Of note, researchers have traditionally focused much on DNA, mRNA, and proteins, and viewed them as principal modulators and therapeutic targets. In recent two decades, accumulated evidence has revealed a competitive endogenous RNA regulatory network with the participation of miRNA, lncRNA, and circRNA (Figure 4). MiRNAs have gained increasing attention, and their antagonists or mimics have been designed in cancer therapy to reduce or elevate their previous levels, respectively.146, 147 On one hand, it's acknowledged that a single miRNA simultaneously targets several mRNAs implicated in several signal pathways, which brings great benefits to refractory cancers with genomic heterogeneity. On the other hand, a mRNA can be modulated by multiple miRNAs, implying a therapeutic strategy of applying different miRNA antagonists or mimics to effectively affect the specific target mRNA. However, there exist some disadvantages or challenges with respect to miRNA‐targeted strategy. At first, they may elicit broad effects and unexpected alterations of those unrelated genes targeted by same miRNAs, which obviously break the balance of gene expression profiles in cells. Besides, the existence of off‐target effect for miRNA antagonists cannot be ignored. Furthermore, the quick degradation and cellular delivery are two great challenges ought to be solved. Last but not least, it has been noticed that miRNAs can exert a different effect because of several influence factors such as agents, cell lines, cancer types, and so on. This implies careful and cautious choice of miRNA antagonists or mimics according to different conditions.

Figure 4

Competitive endogenous RNA regulatory network. Most of human genome DNA has transcripts. About 2% of transcripts code for protein synthesis. The remaining noncoding RNAs include miRNAs, lncRNAs, and cirRNAs.

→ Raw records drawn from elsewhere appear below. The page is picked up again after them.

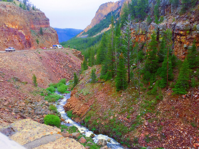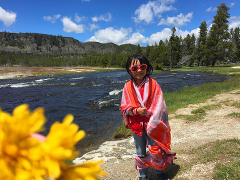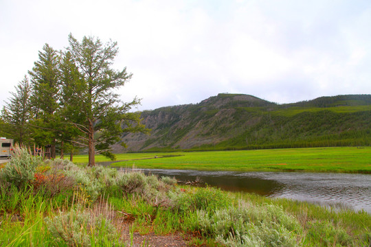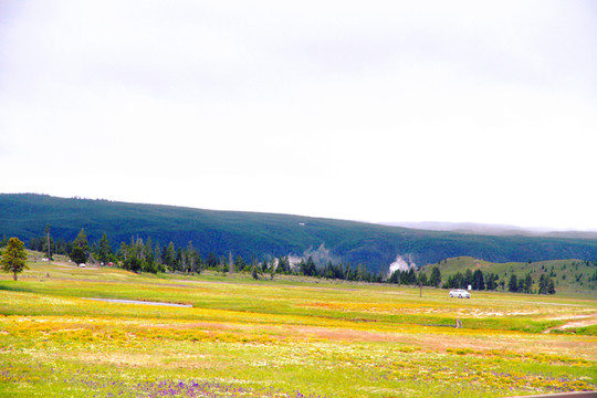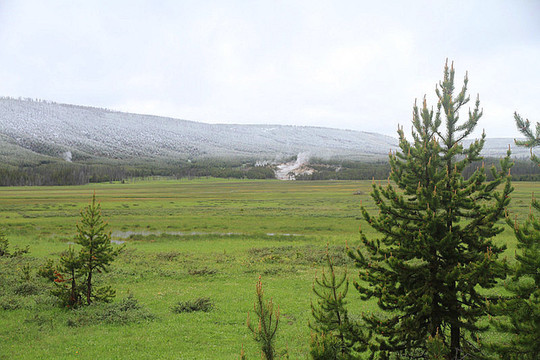 黄石公园景点以“8”字分布,需要完整的两天时间才能游览完。考虑黄石公园天气多变,当天下午到达西黄石后,趁着天气晴好,我们抓紧时间游览8字下半部部分景点。进入公园不久,展现在眼前的是绿草青青、溪流涓涓的田园牧歌景象;再走一会又是一幅树木葱葱、繁花似锦的油彩画。一路游览,窗外风景可以说是一步一景,引人入胜。
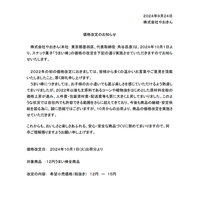 【価格改定】「うまい棒」値上げ、税別12円→15円に 10月1日出荷分からhttps://t.co/2rPRC1BI36
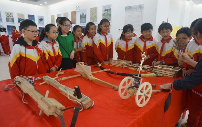在科技展厅,《中国古代重要科技发明创造》展览从尘封的书卷里走来,一幅幅画面架起了古今交汇的桥梁,更令人惊喜的是,现场还展出了诸葛连弩、记里鼓车、神臂弓、指南舟、木质机关解谜书等实物,不仅造型精美、工艺精湛,而且功能齐全。
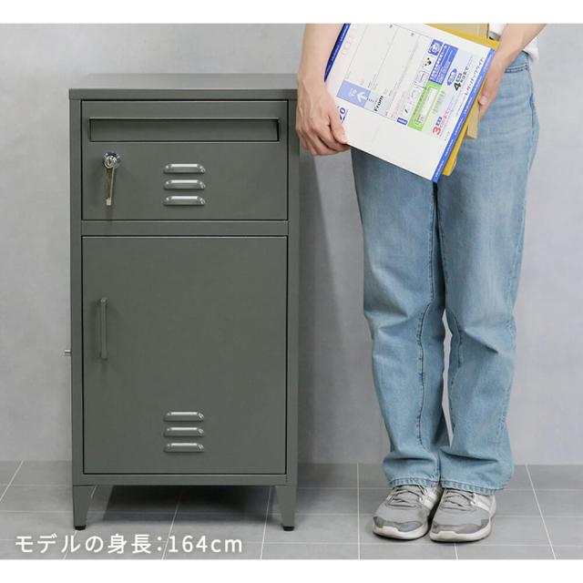 本体サイズ: 幅 44cm × 奥行 37.5cm × 高さ 84cm(アジャスター含む)ポスト: 投函口 幅 34.5cm × 高さ 3.3cm、内寸 幅 35cm × 奥行 31.5cm × 高さ 18.5cm
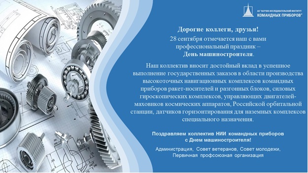 26 сентября в АО «НИИ командных приборов» прошло торжественное собрание, посвященное празднованию Дня машиностроителя. В своем выступлении генеральный директор АО «НИИ командных приборов» отметил, что коллектив НИИ вносит значимый вклад в обеспечение научно-технического лидерства России. Принявший участие в мероприятии депутат Законодательного Собрания Санкт-Петербурга А.Н. Цивилев так же поздравил коллектив с праздником, высоко оценив научную и социальную активность работников организации.
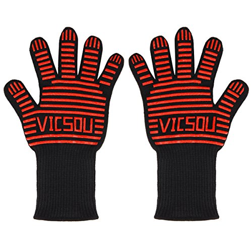 The Vicsou Updated 932°F Heat Resistant Gloves, 3-layer Structure Heatproof Fireproof and Insulating XXL Two-Sided Grill BBQ Gloves Oven Mitts (1 Pair) it that i recomended for grill gloves.
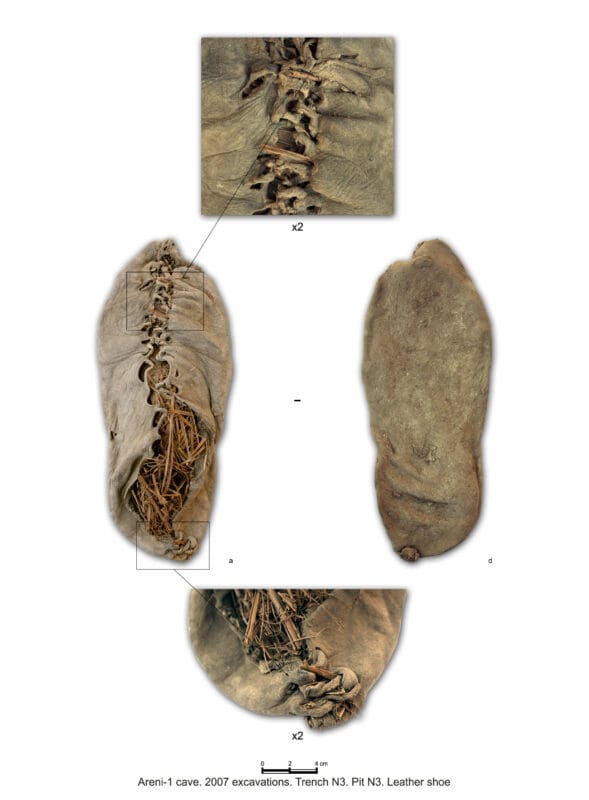 In de Areni-1 grot in Armenië ontdekten archeologen de oudste leren schoen die ooit is gevonden, daterend uit 3500 v.Chr. Met meer dan 5.500 jaar is dit het oudste exemplaar van leerbewerking ter wereld, wat de lange traditie van Armeens vakmanschap op het gebied van schoeisel en textiel aantoont.

Numerous endogenous RNAs such as mRNAs, lncRNA, and cirRNAs are under the regulation of miRNAs, and they compete for the target binding of miRNAs

To sum up, this review focuses on drug resistance‐related miRNAs in OS through several molecular mechanisms, and provides insight in creating promising therapeutic strategies by targeting these miRNAs to reverse OS chemoresistance.

CONFLICT OF INTEREST

The authors declare no conflict of interest.